[EXERCISE DATA]

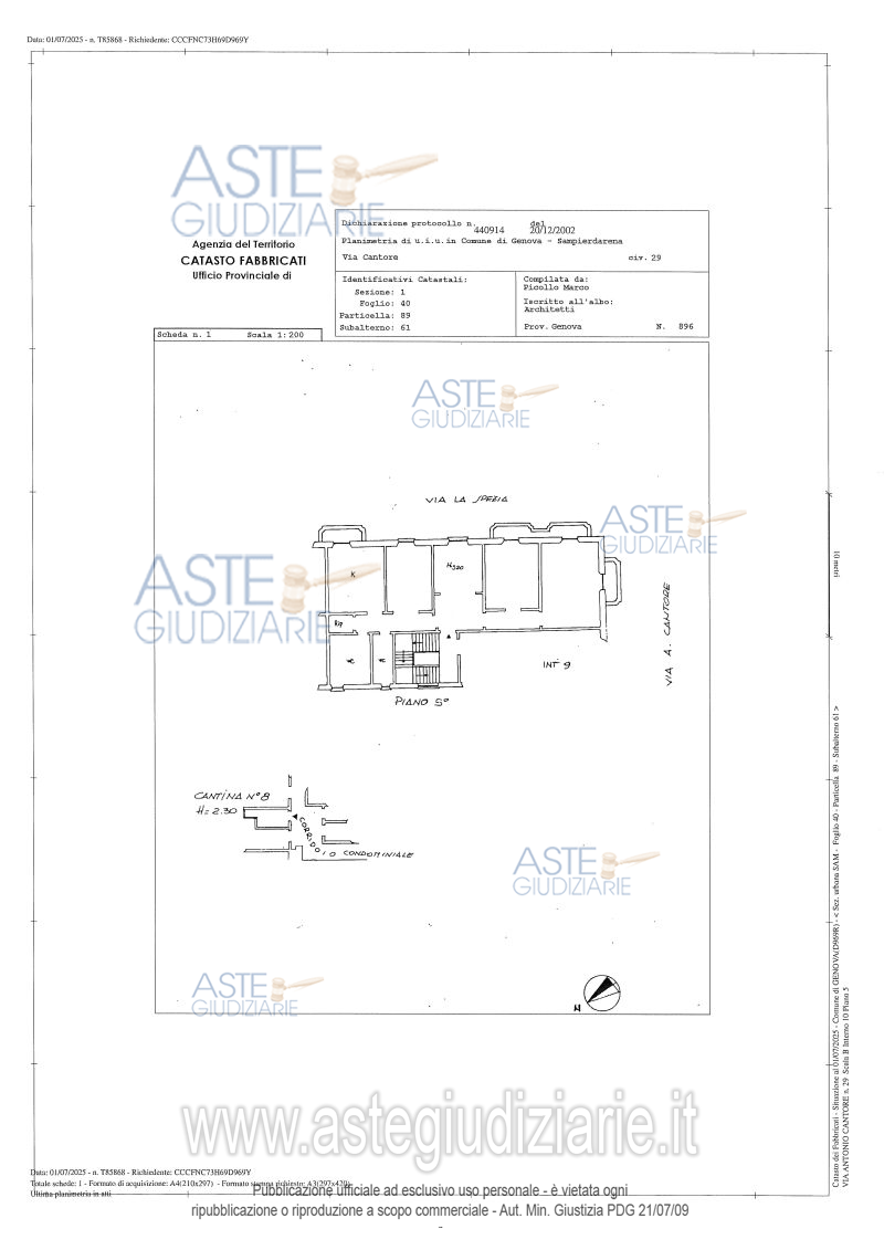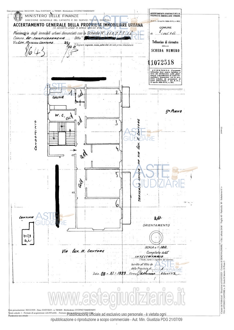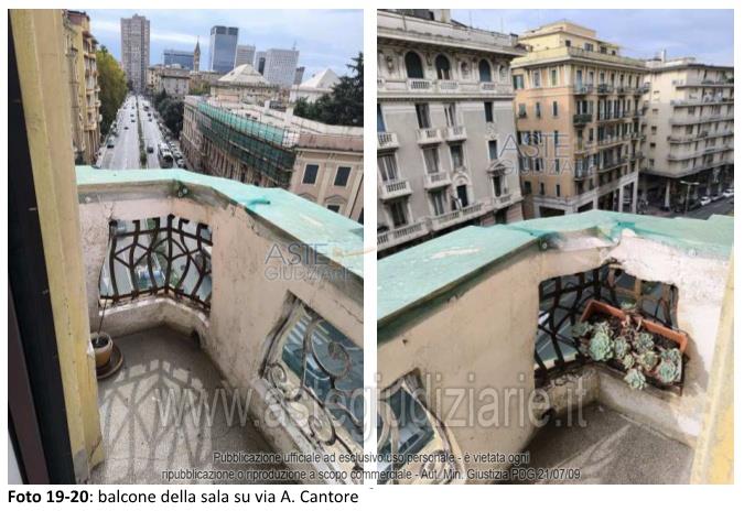 Vendita all'asta Senza incanto, con gara telematica sincrona mista - LOTTO UNICO: Piena ed intera proprietà dell'appartamento ubicato a Genova VIA ANTONIO CANTORE n. 29, scala B, interno 10, piano 5. Abitazione di tipo civile di 122 mq netti (commerciali141 mq) composta da un ingresso, soggiorno, camera matrimoniale, sala, una camera/studio, cucina, due bagni, ripostiglio e due balconi. Annessa come pertinenza una cantina, contraddistinta con n. 8 superficie netta di circa 3,75 mq. Prezzo base € 135.540,60 (offerta minima € 101.655,45). Data vendita 25/03/2026 ore 14:30. Professionista delegato alla vendita Dott. Elisabetta Bargelli - Email "elisabetta.bargelli@bureauplattner.com"; Tel. 010589081. Custode Giudiziario Sovemo Srl - Email "immobiliare@sovemo.com"; Tel. 0105299253. Rif. Tribunale di Genova - Espropriazione immobiliare (cartabia) n. 191/2025
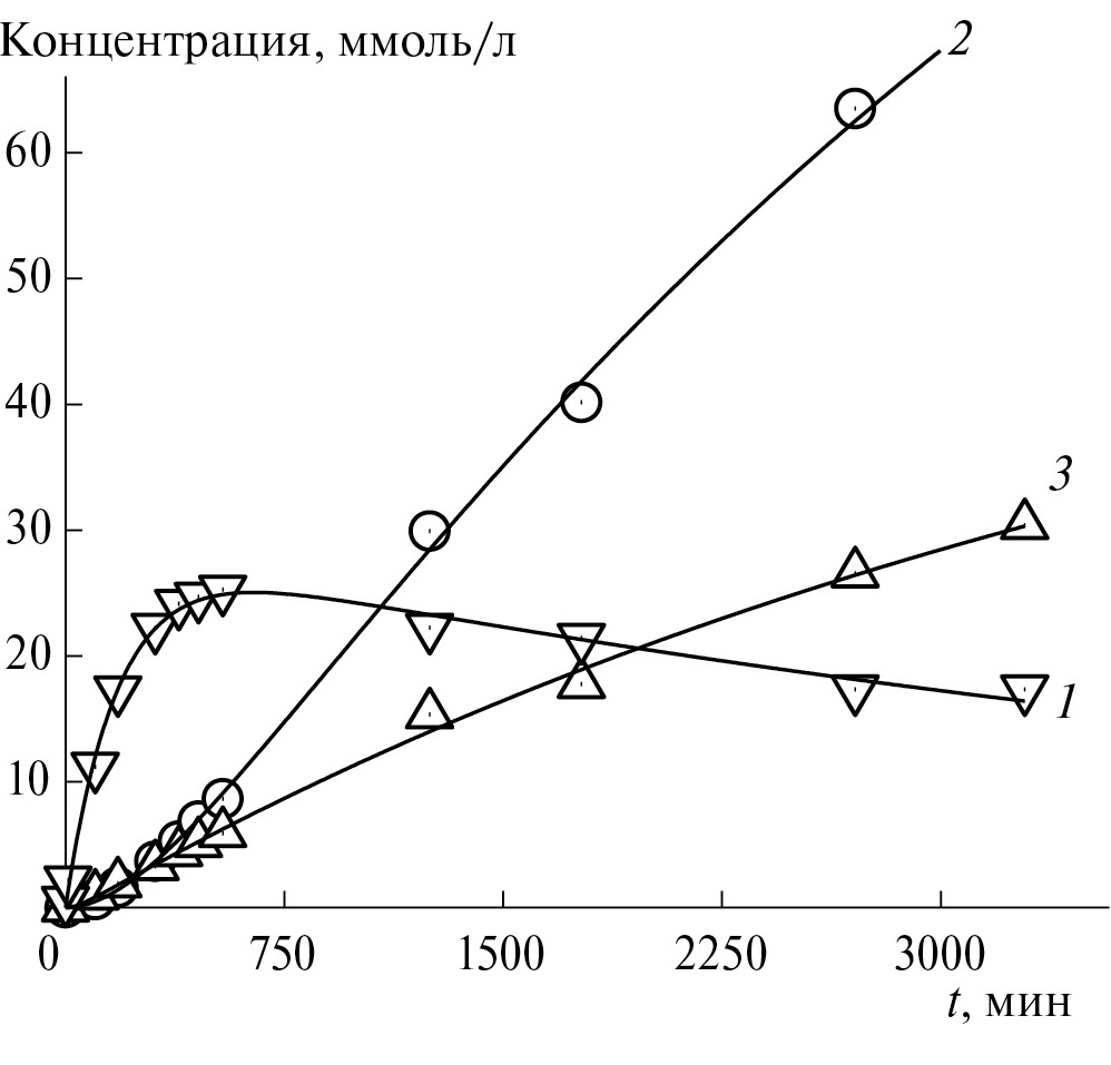 Рис. 5. Фрагмент кинетики изменения концентрации интермедиата (1) и накопления продуктов реакции – бутадиена (2) и пропилена (3). Реакционные условия: Т = 23°C, начальные концентрации: [MeI]₀ = 1.3 M; [Ptᴵᴵ]₀ = 0.1 М, [ViI]₀= 0.62 M.
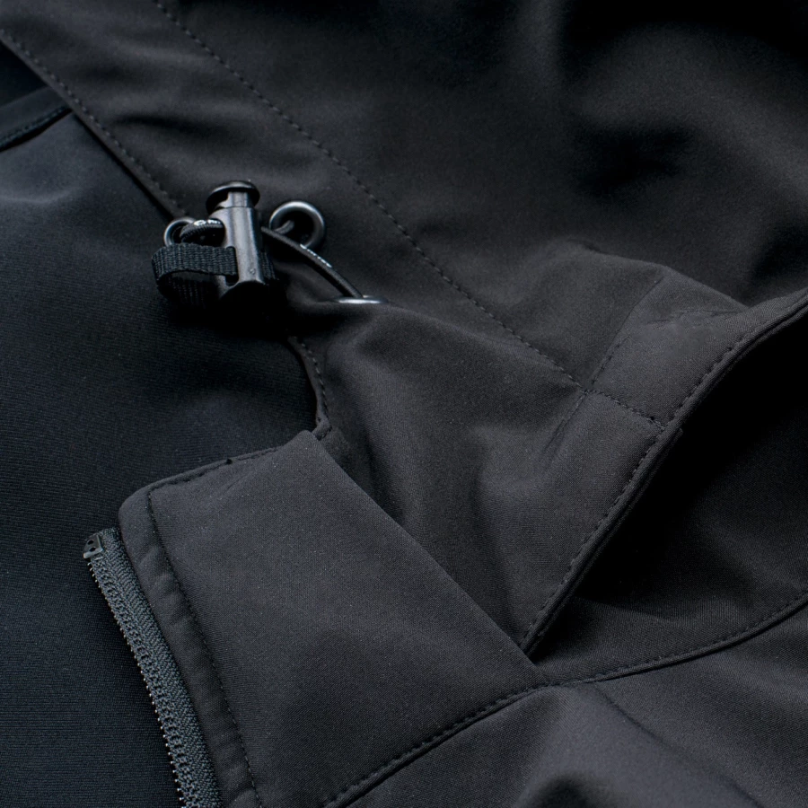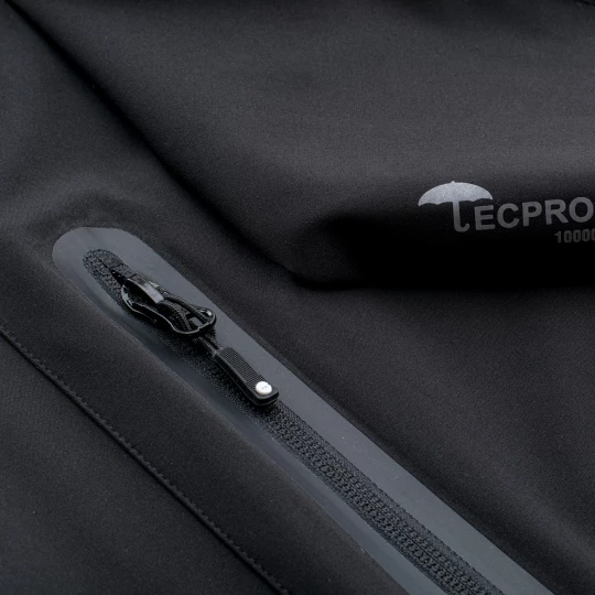 materiał: 96% poliester, 4% elastan podszewka: 100% poliester odporność na działanie wody: 10 000 mm H2O oddychalność: 1000 g H2O / m2 wentylacja pod pachami odpinany kaptur mankiety regulowane rzepami 2 boczne kieszenie zamykane na zamek kieszeń na piersi zapinana na zamek
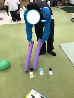 今日の活動はビー玉運びでした。
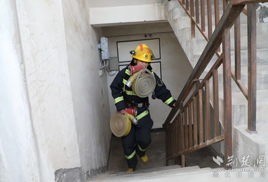 此次比武對(duì)抗賽分沿江、大別山、黃州三個(gè)片區(qū)舉行,來(lái)自支隊(duì)機(jī)關(guān)及基層14支代表隊(duì)的60名消防指戰(zhàn)員進(jìn)行5000米跑、一人三盤水帶連接、負(fù)重登十樓、100米接力跑等四個(gè)項(xiàng)目的大比拼。
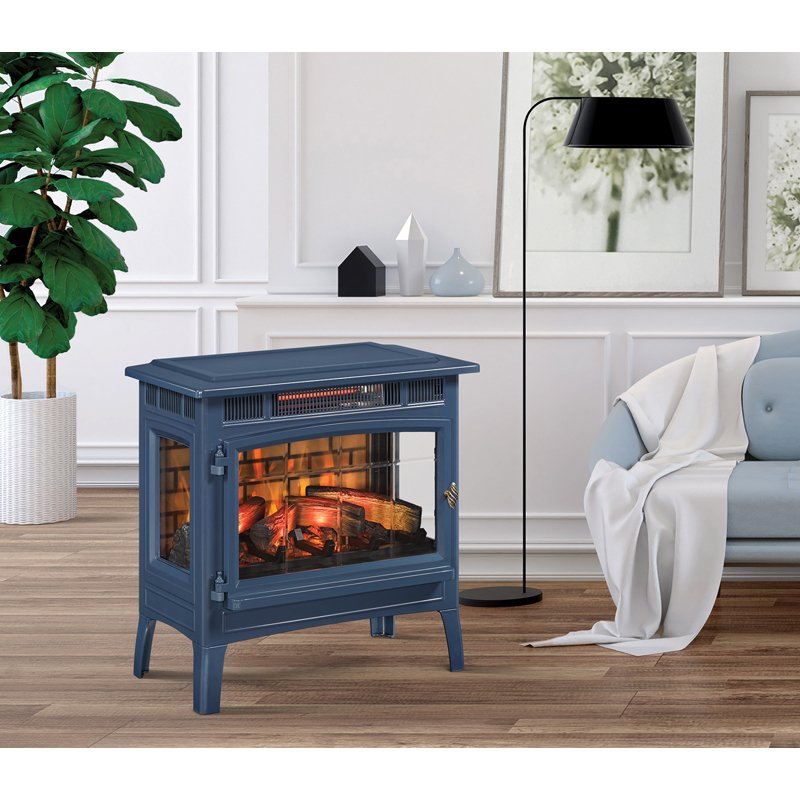 3Dパワーヒート薪ストーブ ネイビー色 1000W ロイド 送料無料
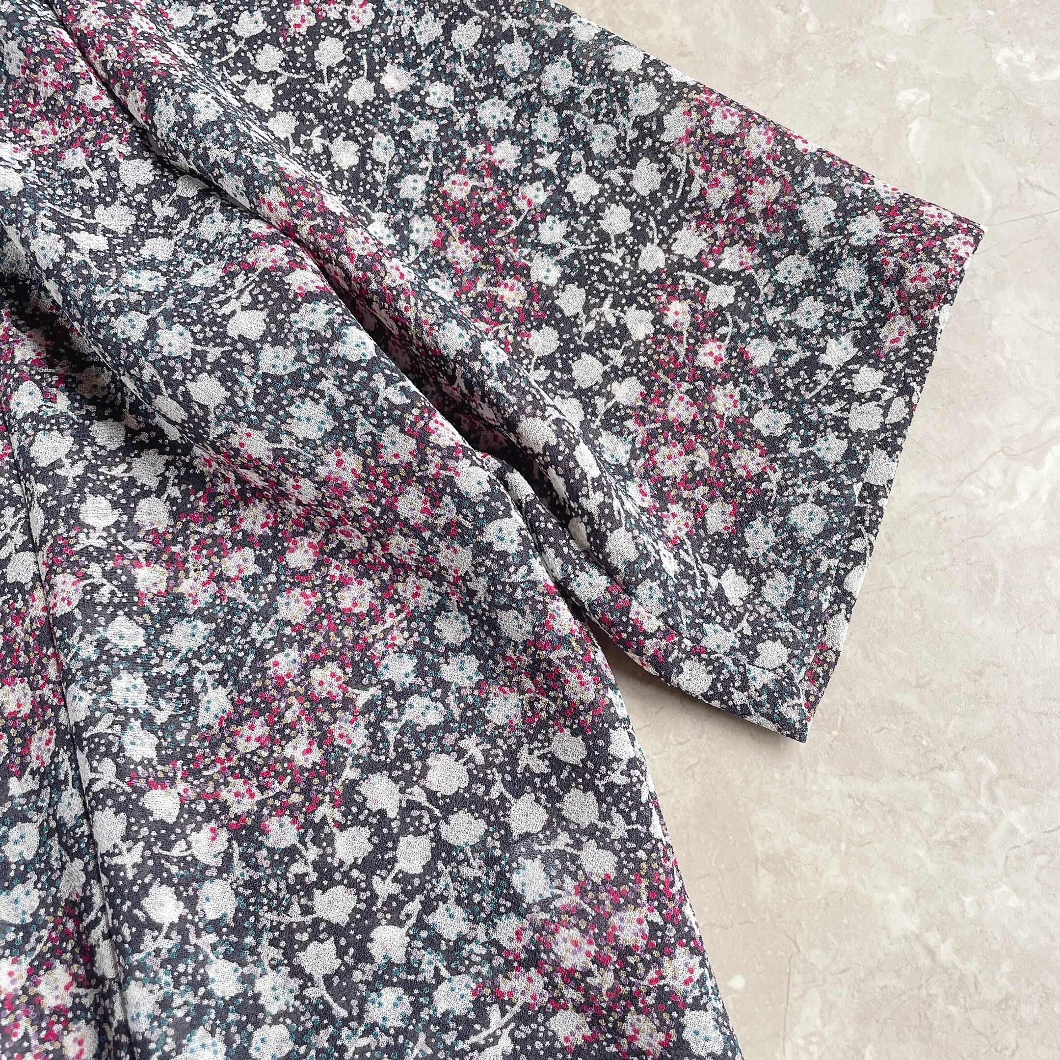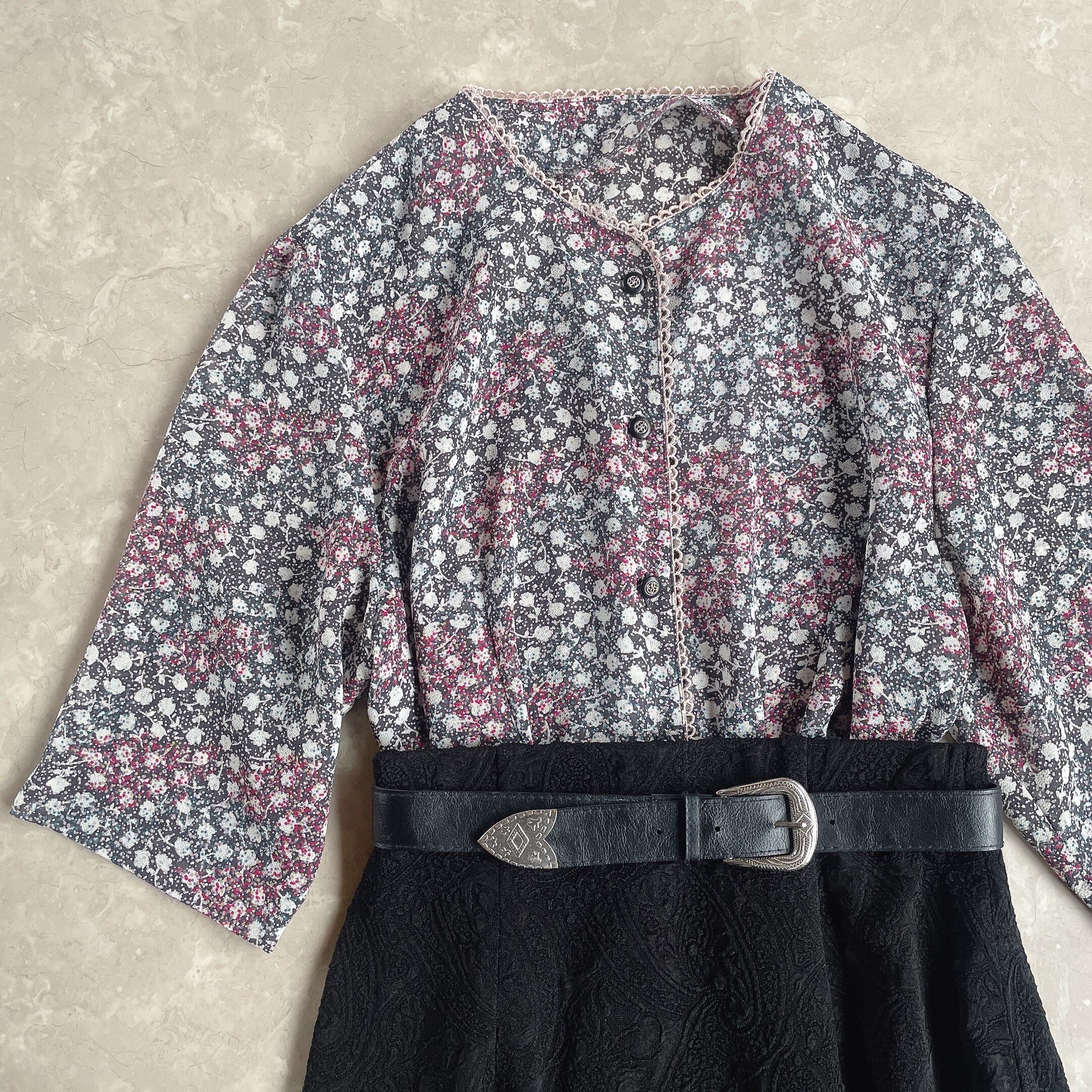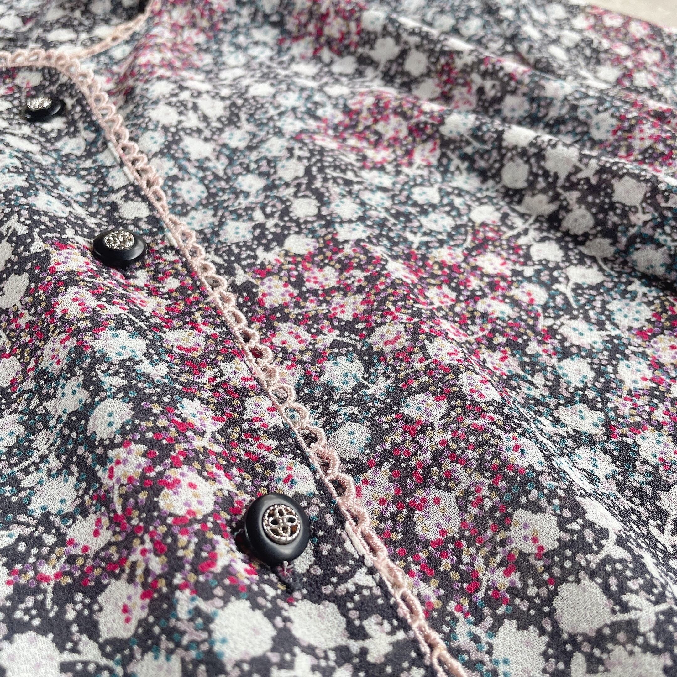 used レトロ 総柄 ノーカラー ブラウス 古着 ヴィンテージ vintage

[/EXERCISE DATA]

* _DIRECTIONS FOR THIS TASK_
Give back the lines from the one containing "materiał: 96% poliester, 4%" through the last line of the records above exactly as they appear, both included, and no pictures.

* _ANSWER BOX_
 materiał: 96% poliester, 4% elastan podszewka: 100% poliester odporność na działanie wody: 10 000 mm H2O oddychalność: 1000 g H2O / m2 wentylacja pod pachami odpinany kaptur mankiety regulowane rzepami 2 boczne kieszenie zamykane na zamek kieszeń na piersi zapinana na zamek
 今日の活動はビー玉運びでした。
 此次比武對(duì)抗賽分沿江、大別山、黃州三個(gè)片區(qū)舉行,來(lái)自支隊(duì)機(jī)關(guān)及基層14支代表隊(duì)的60名消防指戰(zhàn)員進(jìn)行5000米跑、一人三盤水帶連接、負(fù)重登十樓、100米接力跑等四個(gè)項(xiàng)目的大比拼。
 3Dパワーヒート薪ストーブ ネイビー色 1000W ロイド 送料無料
 used レトロ 総柄 ノーカラー ブラウス 古着 ヴィンテージ vintage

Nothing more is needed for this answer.